Toto menyampaikan rencana merampingkan jumlah BUMN tapi punya daya saing besar, telah dicanangkan sejak era Menteri BUMN pertama, Tanri Abeng pada 1990-2000. "Dalam dokumen masterplan BUMN pada 1999/2000, caranya melalui restrukturisasi BUMN menjadi beberapa holding company," ujar Toto saat dihubungi Republika di Jakarta, Kamis (4/5/2023).
Namun, lanjut Toto, implementasi di lapangan tidak semudah kenyataan. Hal ini tak lepas dari perubahan roda pemerintahan yang membuat langkah pembentukan holding menjadi sulit terealisasi.

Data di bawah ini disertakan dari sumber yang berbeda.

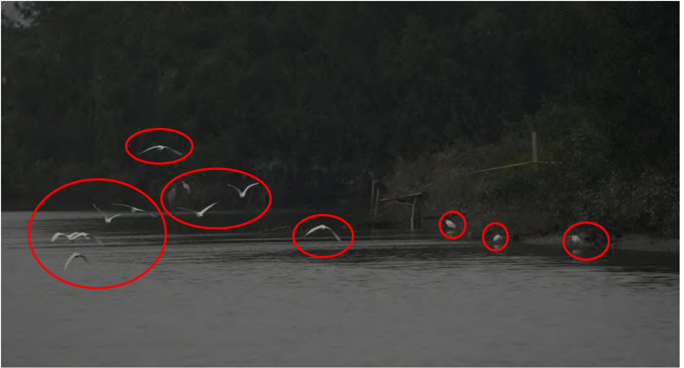
Appendix O.2.2a: Active night roost in the mudflat northeast side of the Project boundary (ANR2) observed on 22 December 2025 at around 17:36.
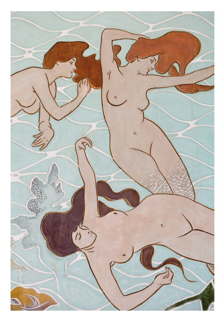
The Garden of the Mermaids (R. Casas, 1904). Walls of the dinning room of the Fonda España.

painted about a dozen portraits in oil. He went to Miami and from there to Cuba. His intention was to visit friends and also go to Matanzas, the province where his father had lived for many years.
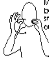
Hot air balloon

Mime blowing up balloon. Right hand shows size and shape of balloon
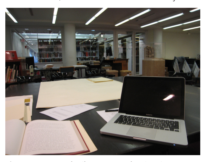
Fig. 1: Frances Loeb Library, Harvard University, September 2012.

This new world of open access is, of course, not total. At the Fondation Le Corbusier in Paris, for example, the entire contents of Le Corbusier's archive are scanned and searchable on site, yet that vast bank of resources is only selectively available online. But what would total online access to an archive like that of Le Corbusier mean for our work? In this case open access might do no more than mildly support an already ravenous program of research on the architect, which shows no sign of slowing. It is also unclear whether open access to Le Corbusier's archive would produce or encourage 'other voices' to write on the architect's work, or if it would broaden debate beyond its
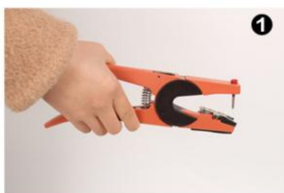
Prepare the ear tag pliers
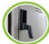
SLK-S114-HL Handle Cam Lock
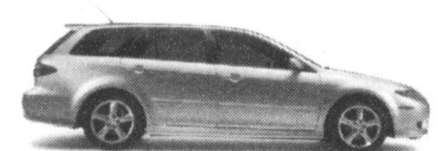
GS-V6 GFX model shown 2004 MAZDA6 SPORT WAGON GS-V6 AUTOMATIC TRANSMISSION STANDARD 3.0L DOHC 24-VALVE V6 ENGINE
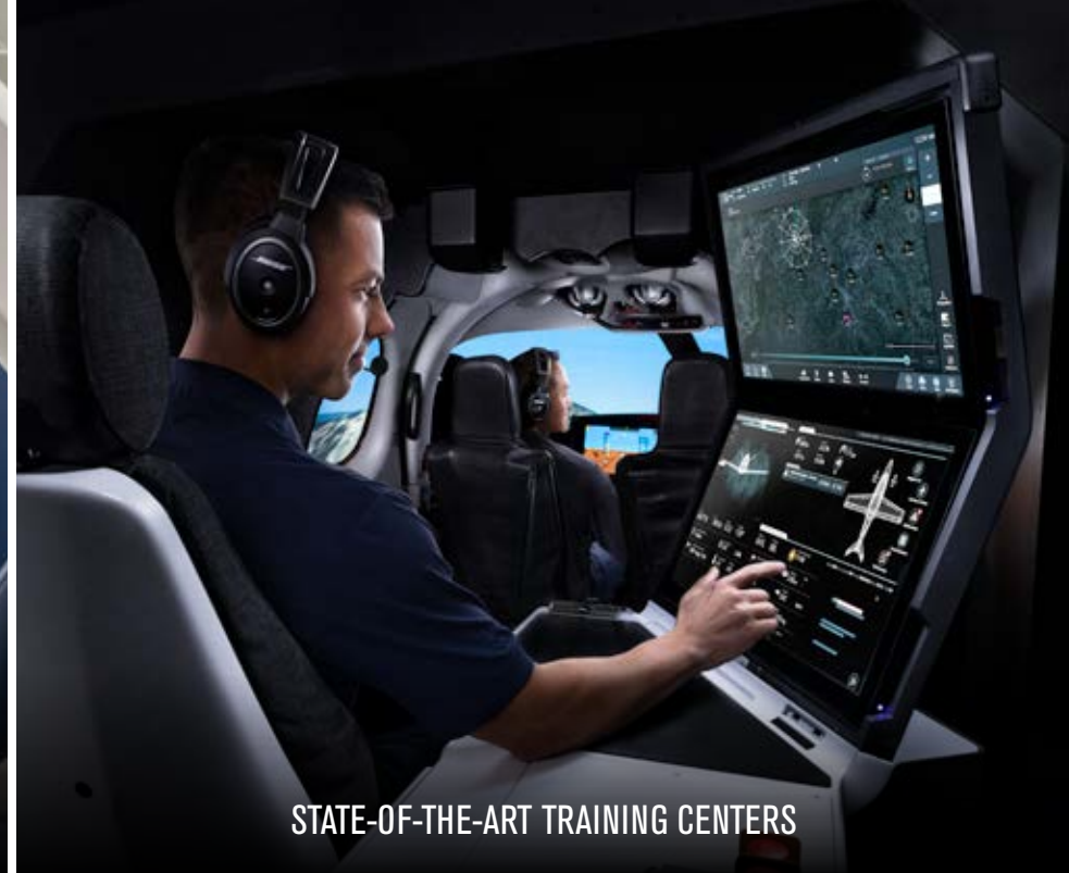
STATE-OF-THE-ART TRAINING CENTERS
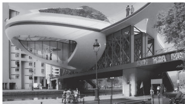
Fig. 4. Anti-Smog, Paris, Vincent Callebaut

Physalia is meant to navigate through the rivers and clean water. Furthermore, inside there will be lecture halls and gardens where the visitors will live pro-ecologically. Another design by Vincent Callebaut called Dragonfly is a vertical farm providing healthy and ecological food. The program includes the production of high quality vegetables and fruits. The futuristic ecological farm without pesticides will be located in the heart of New York. Anti-Smog is a project for one of industrial districts in Paris (see Fig. 4) [1]. A structure whose surface is coated in titanium dioxide will efficiently reduce the amount of
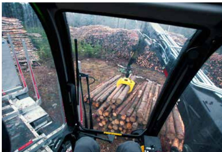
Gain panoramic views with Hi-Vis.

Incredibly tough, the shockproof front door is OPS tested for ISO 8084:2003 standard, and greatly reduces the risk of injury if anything impacts the door.
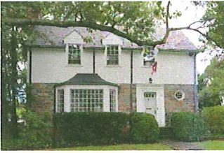
4101 Glenridge St Kensington/Chevy Chase View Sold - $800,000
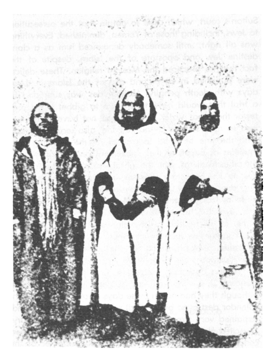
BERBER JEWS OF MOROCCO.

Photo taken of the great Jewish work titled: "Castilian Jewish Encyclopedia" 7th vol. Mexico, D. F. 1950. Word: Morocco, p. 302, 2nd. col.
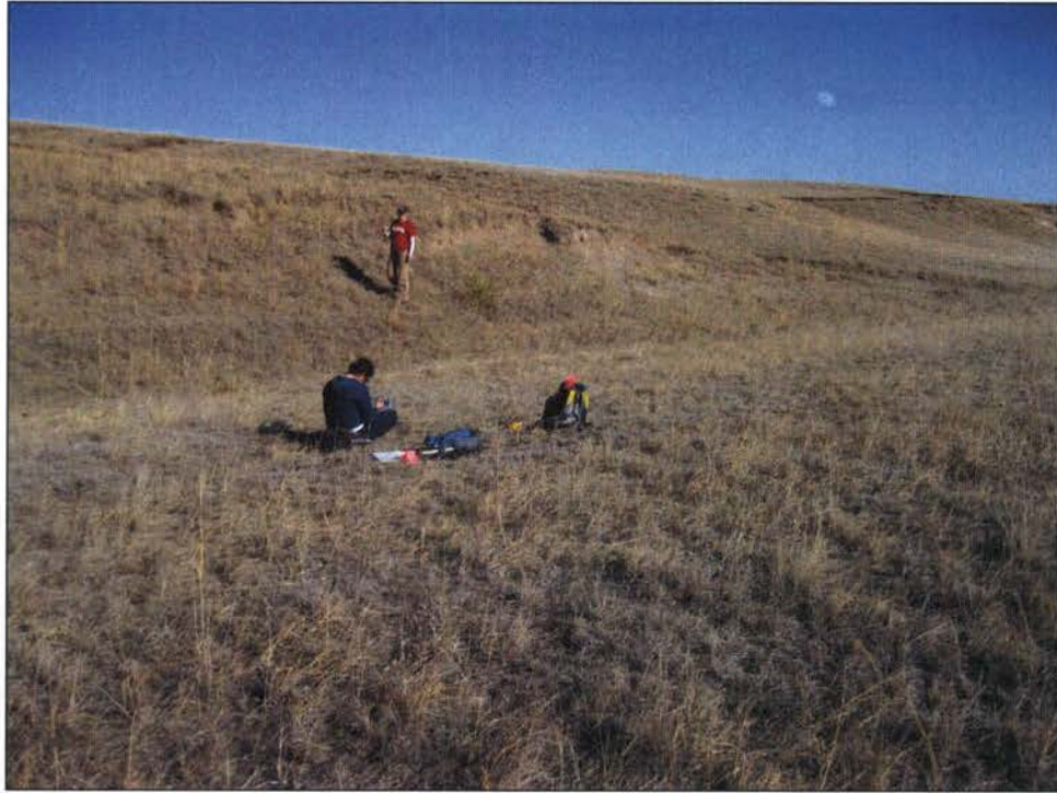
Figure 105. 25DW369, drainage overview, facing east. Photograph taken by Ashley Howder on 2/16/11.
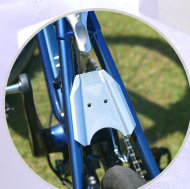
Booster Plate for FCX
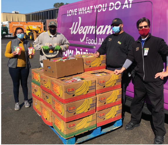
Wegmans' Leader of the Pack team

During September's Hunger Action Month, local businesses came together, while staying remote, to compete, pack bags, and raise money in our inaugural Leader of the Pack Corporate Challenge sponsored by long-time partner, Webster Bank. Thanks to participating teams from Morgan Stanley, Mutual of America, PepsiCo, PKF O'Connor
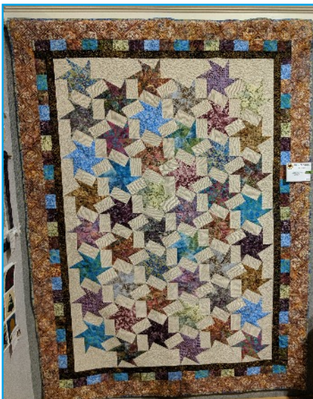
Best Machine Quilting 2 nd Place Beth Twedell
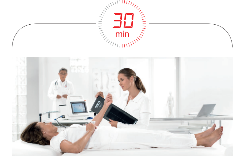
Avoid the "white coat effect" and capture blood pressure accurately with configurable seca EQ BP<sup>™</sup> averaging or sprint mode.
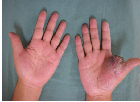
FIGURE 1: Soft tissue mass in the right hand. The mass was located in the first intercarpal space, with the overlying skin showing discoloration.

to low intensity on T1 weighted images and heterogeneously high intensity on T2 weighted images. After intravenous administration of gadolinium-based contrast agent, the mass was well enhanced peripherally, but the central region was poorly enhanced, suggesting necrosis. The mass was adjacent to the first metacarpal bone (Figure 2).
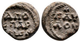
954 Byzantine Lead Seal. 10,62 g - 18,18 mm
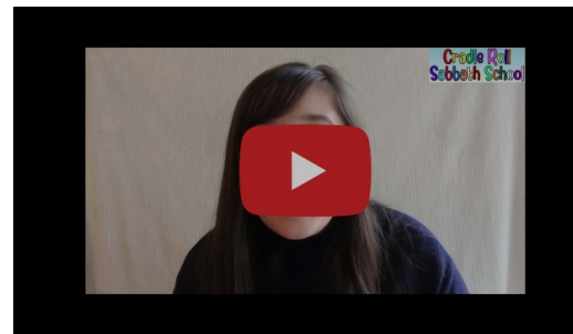
Cradle Roll Sabbath School - September
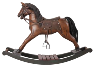
wooden rocking horse
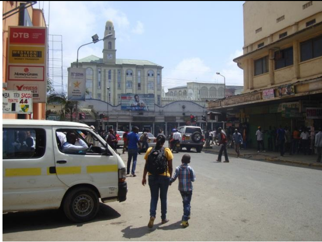
Regal Mansion on the right. Lobster Pot was situated just there. Photo taken standing from Government Road. The background building with a blue wavy roofline is situated on Victoria Street.

Note: Road Names referred to the old Nairobi Map of the 1950's
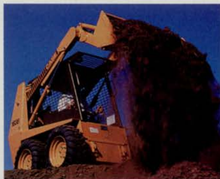
Case's 1838 has a rated operating load of 1300 pounds
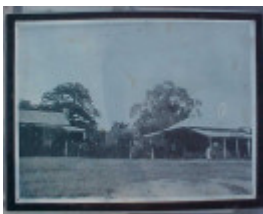
h02038 black springs bakery beechworth bakery and house
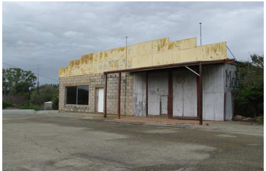
Before work commenced

From the start this was going to be a long term project allowing myself only one or two days a week to do the work required. Craig Goss removed all his stored gear from the shed and cleared the block (many thanks). Now I could start gutting the inside, dirt, rubbish, wiring, piping (air & water) broken windows, timber offices, shelving, trees and their massive roots were removed. Next came the stripping of all the rotten and white ant infected timber, enough, that we had a huge bonfire. Main posts that needed replacing were done with second hand ones, fitted with specially made steel saddles set in concrete footings. Three RHS steel main support posts replaced the original timber ones for strength and fire prevention. New glass & skylights, new plumbing and rewired. Only major work to be done is the rusty iron sheets on the roof. Half the block has been divided off, setting out for stalls etc. Landscaping started early and over twenty trees and shrubs have been planted so far. Galvanized fence posts are in place, new fascia boards, gutters & down pipes fitted.
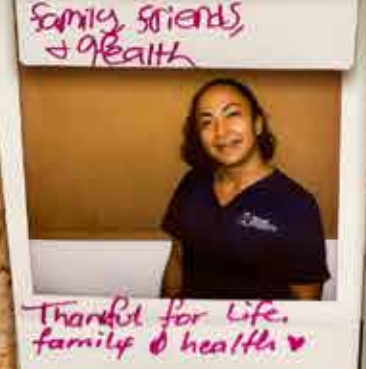
Thankful for life, family & health ♡
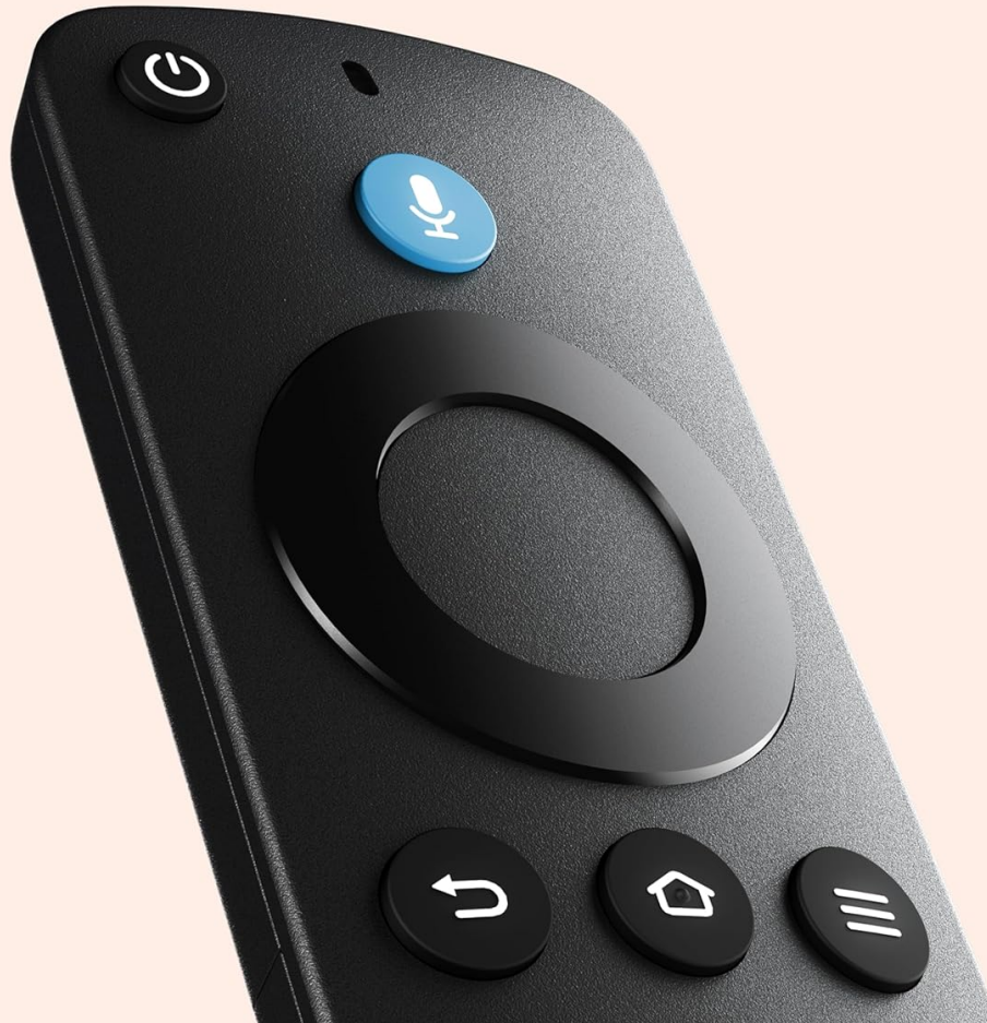
Image: Close-up of the remote control highlighting the Alexa voice button.

Pulsa y pídele a Alexa que busque, inicie y controle tu contenido.
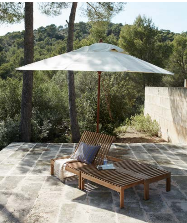
Riviera Lounge in teak and Messina Umbrella
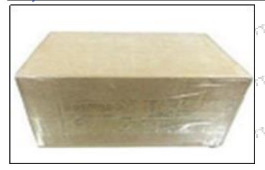
Pic No. 2 Domestic express packaging: Wrapped by Transparent tape
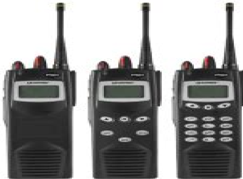
P7100 IP Series Portable Radios
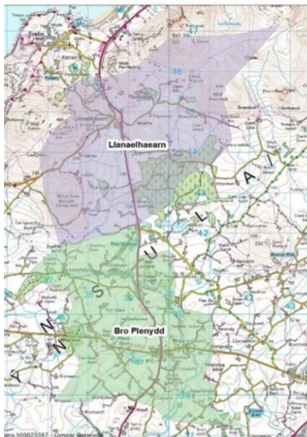
Map 2: Ysgol Bro Plenydd catchment area if changes take place
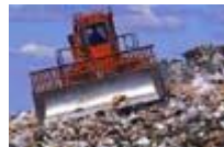
Non-Living Resources - Landfill
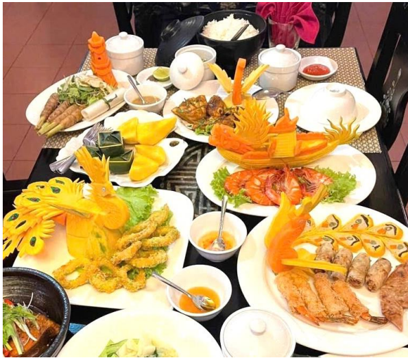
Hue Royal Meal

Note: 10 pax up confirmed will have Hue's court music show
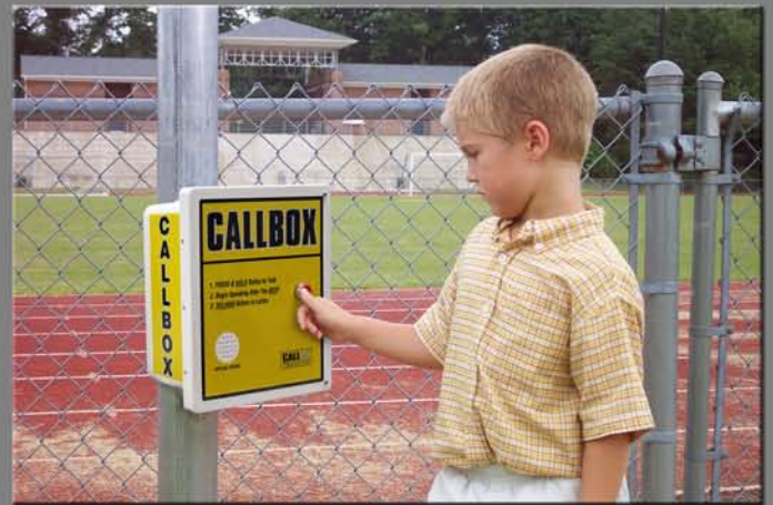
CALL24 Models: MAU-DMR, MAV-DMR, MA8-DMR, MA9-DMR

GATE or LOCK RELEASE: CALL24's Need to remotely open an entrance gate or release an electronic lock? The M-Series radio callbox switch release option provides remote access control to service providers or employees needing access to restricted areas. Why walk all the way to a gate when you can open it remotely using an employee's portable control radio?
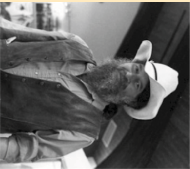
Dr. Robert T. Bakker - Key Note Speaker

Burpee Museum of Natural History - Inspiring all people to engage in a lifetime of learning about the natural world.
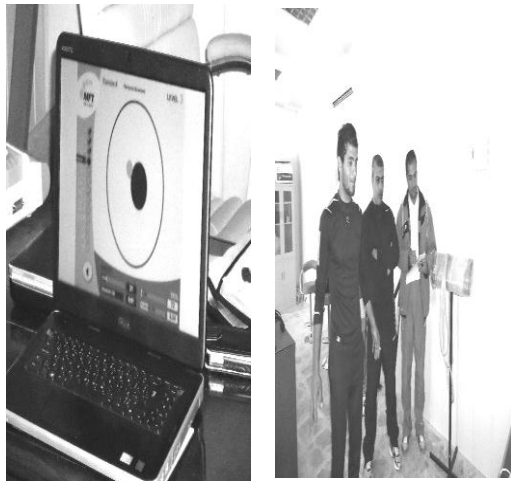
Fig (2) Software of balance test.
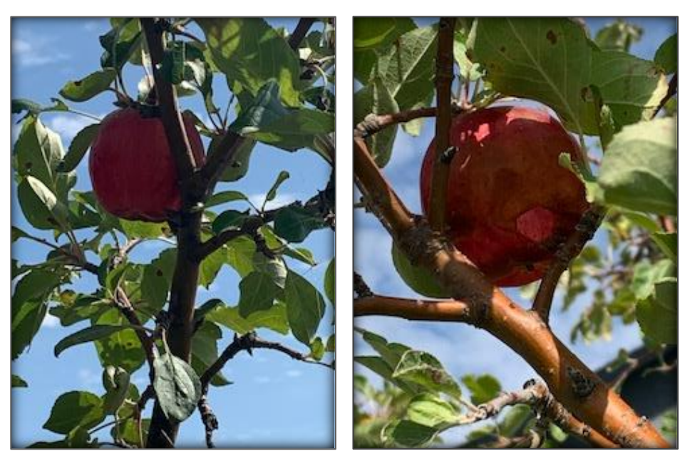
A "Perfect" Apple.
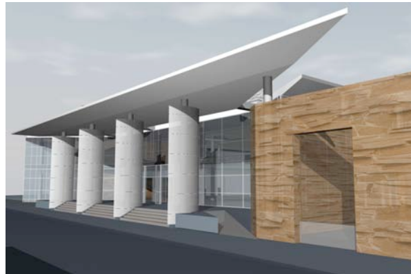
The Planned Library

The AFKPL is in the midst of a $2.1 million fundraising campaign to build, equip and staff the Kigali Public Library. To date, the Kigali Public Library campaign has received pledges of over $2 million. The library will open in the near future, but an additional $500,000 will be necessary to ensure its long-term sustainability.
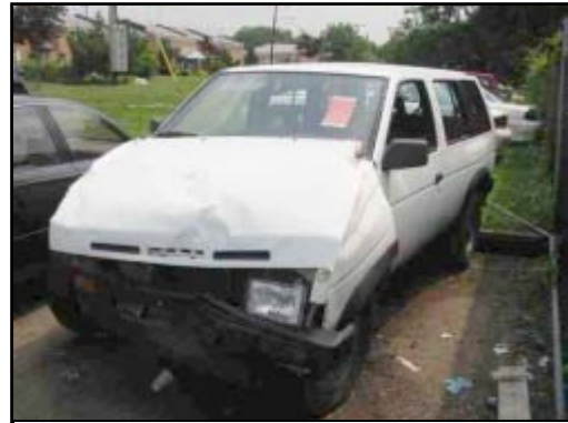
Figure 9. Damaged 1991 Nissan Pathfinder

The 1991 Nissan Pathfinder sustained moderate frontal damage as a result of the impact with the Ford Explorer. The direct contact damage began on the front right bumper corner and extended laterally across the entire frontal plane. Although the NASS researcher was unable to document a frontal crush profile, the maximum bumper crush was estimated to be 38 cm (15”). The entire frontal structure was shifted to the left due to the forward momentum of the Ford Explorer. The hood also sustained longitudinal buckling as a result of the frontal impact. The CDC for the impact with the Ford Explorer was 01-FDEW-2. The CDC was incremented by 80 to account for the end shift to the left, and the revised CDC was 81-FDEW-2. Six crush measurements were estimated along the front bumper from NASS photographs as follows: C1 = 0 cm, C2 = 10 cm (4”), C3 = (8”), C4 = 25 cm (10”), C5 = 30 cm (12”), C6 = 38 cm (15”).

"Implementasinya agak terseok karena presiden datang silih berganti dan fokus pada masterplan BUMN tidak dijalankan dengan disiplin," ucap Toto.
Toto menyampaikan, gagasan percepatan daya saing BUMN lewat pembentukan holding company lebih dipercepat pada era Rini Soemarno dan Erick Thohir. Toto menyampaikan akselerasi pembentukan holding diharapkan dapat segera mengurangi kondisi pareto BUMN, yang mana hanya sedikit BUMN yang mempunyai kontribusi besar bagi negara.
Toto mengatakan sejumlah holding company terbukti sudah menunjukan efektivitas dalam penciptaan nilai yang meningkat. Misalnya, holding Semen Indonesia, holding pertambangan MIND ID, hingga holding Ultra Mikro.
"Namun beberapa holding lainnya masih jalan di tempat, bahkan sebagian ada yang merugi. Artinya perlu perbaikan mekanisme kerja sehingga value creation holding BUMN bisa segera terealisasi," kata Toto menambahkan.